So too will smartphones. Generation Y will tell their kids, “I remember when we had to type our text messages with our thumbs, or ask Alexa to add vegan meat to the shopping list. We never had Google Think® in my day”, or “I remember when we had to go to college to study for years, we had to sit down and read books to learn things. We never had Amazon HiveMind® in my day”. Meanwhile their kids seamlessly communicate via Apple iThought®, video chat via Skype Hologram®, and instantaneously download entire textbooks and literature via an ultra-fast 100Gb/s subscription to Amazon’s entire library for only $19.99 per month. Fake news will become a thing of the past, as every news article you download is instantly verified against thousands of peer-reviewed sources – reviewed both by humans and by sophisticated AI technology. You will never forget anything ever again, as any memory you choose to remember will be uploaded to the cloud, ready to be accessed and relived at will. Alternatively, should you choose, you can delete a traumatic or stressful memory, like it never happened. Without delving too far into the realm of science fiction, the possibilities are Limitless®. Anything is possible, so long as we can dream it – or Google DeepDream® it. 

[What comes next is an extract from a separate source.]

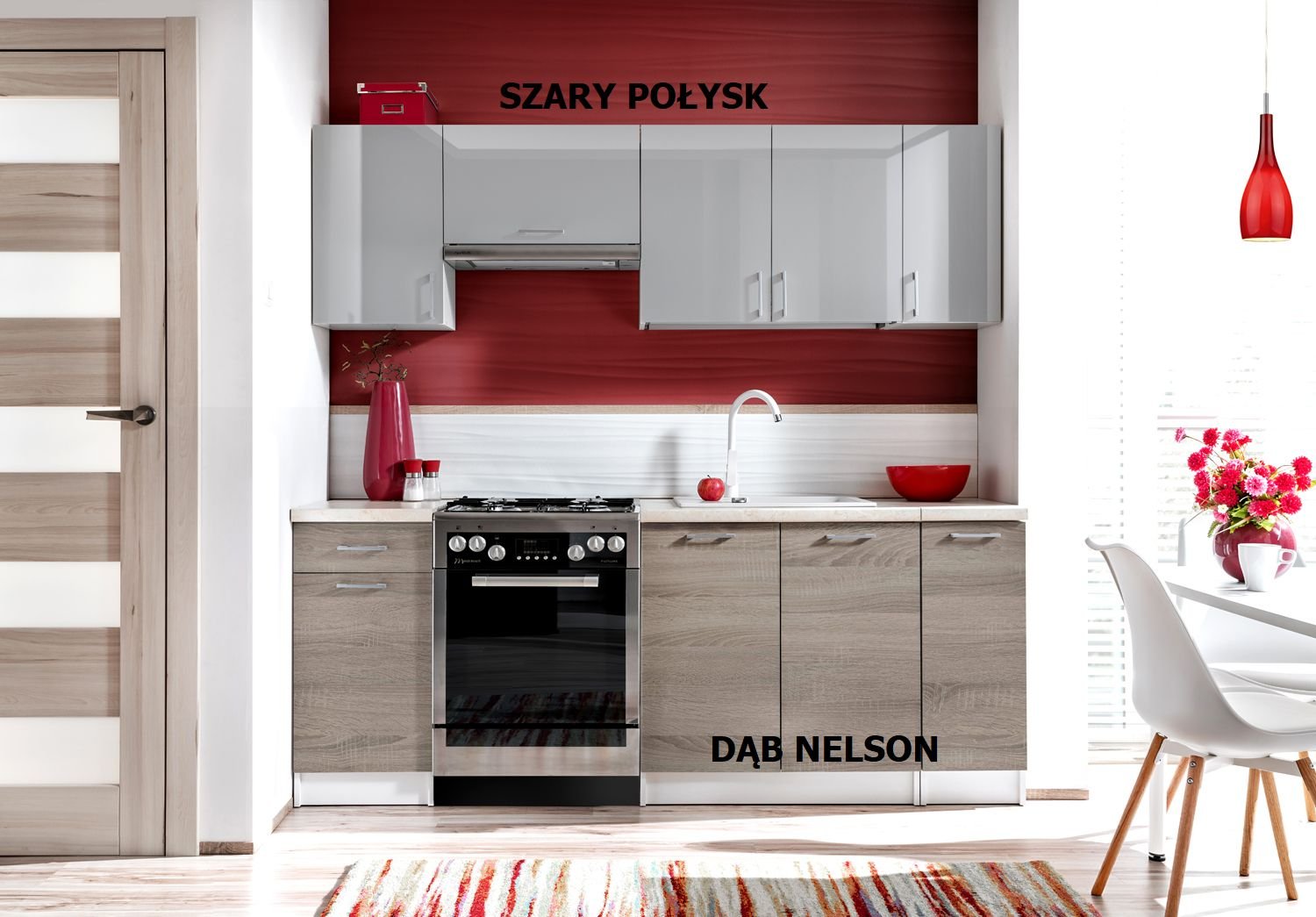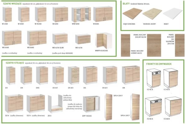 W skład zestawu wchodzą następujące szafki: (górne połysk, dolne drewnopodobne)

Our knowledge of neuroscience is only in its infancy. Our understanding the human brain in all its complexity is only a mere few steps away from exponential growth. As technology combines with neuroscience, we become ever closer to understanding ourselves, and to an entirely interconnected consciousness. Societies working together as a collective intelligence are capable of amazing things – just look at bees and ants. Times are changing, for better or for worse.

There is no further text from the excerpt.